浦添市長選でも「オール沖縄」敗北


 沖縄県浦添市で2月12日、市長選挙の投開票があり、前職の松本哲治氏(自民、公明推薦)が3選を果たしました。「オール沖縄」支持の又吉健太郎氏(前浦添市議)は約8千票という大差で敗れました [1]。

[1] 島袋氏と又吉氏の得票数はそれぞれ30,733票、22,043票。

 

 翁長陣営としては、先月の宮古島市長選に続く痛恨の敗北です。昨年12月に最高裁で全面敗訴して以降、いい材料が何もありません。4月にはうるま市長選 [2]、来年には沖縄県知事選を控えていますが、焦りばかりが募っていることでしょう。

[2] うるま市には海兵隊の駐屯地などがある。現職の島袋俊夫市長は無所属、自民党推薦。4月の市長選には、翁長陣営が山内末子・沖縄県議を擁立する予定。

 

 さて浦添市には、那覇市にある米軍港 [3]が移設される予定があります。その際に埋め立てられる面積は約300ha。辺野古移設で予定される160haの二倍近くの広大な海が埋め立てられることになります。

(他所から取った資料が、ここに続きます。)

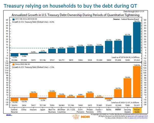 卡利什指出,现在的债券买家与 量化宽松时代的债券买家不同。目前,买家对价格敏感,负担主要落在家庭身上,他补充道。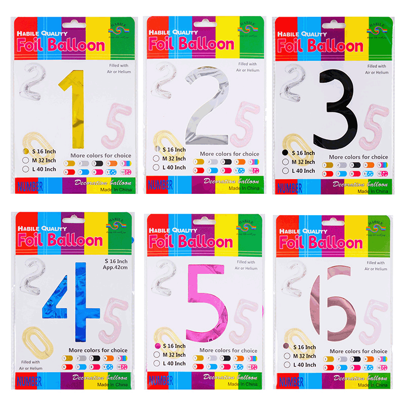 16寸美版瘦体数字气球 生日派对装饰铝膜气球卡头精包装气球批发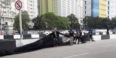 BERITA LUCU INDONESIA - Pemasangan jaring hitam yang menutupi Kali Item di samping Wisma Atlet Kemayoran masih berlanjut pada Jumat (20/7/2018).

[3] 通称は那覇軍港。沖縄県内で2番目の規模の軍港。

 

 ところが翁長知事は、米普天間基地に対しては「あらゆる手段を用いて移設を止める」と言っておきながら、「那覇軍港の浦添移設」問題ではなんと容認する立場を明らかにしています。これは大変な矛盾です。

 

 そもそも米普天間基地移設は、50年ほど前から存在する米軍基地(キャンプ・シュワブ)の沿岸部を埋め立てるという計画です。決して新基地を建設するのではありません。これに対して那覇軍港の移設計画では、まさに新基地が建設されます。翁長氏は「新基地というより民港」など強弁しますが、言い訳でしかありません。ちなみに沖縄紙の「沖縄タイムズ」「琉球新報」はこの件について、一切批判していません。

 

 翁長氏は那覇市に選挙基盤があるため [4]、那覇市の基地をなくすことには反対できないのでしょう。しかしそれなら、普天間市民のことはどうでもいいのでしょうか。「県民のために戦う」という主張はどうなるのでしょうか。翁長氏はいったい誰のために、そして何のために闘っているのでしょうか。

[4] 翁長氏は2000-14年の間、那覇市長だった。

 

 一説には、翁長氏の目的は、反基地闘争のために集まった数億の募金や、支持政党からの資金援助の利権のためという話もあります。真偽のほどはわかりませんが、翁長氏の主張は矛盾し、裁判で負け、選挙にも負けています。窮地に追い詰められていることは間違いありません。日本の安全保障強化のためにも、無意味な闘争は一刻も早くやめるべきです。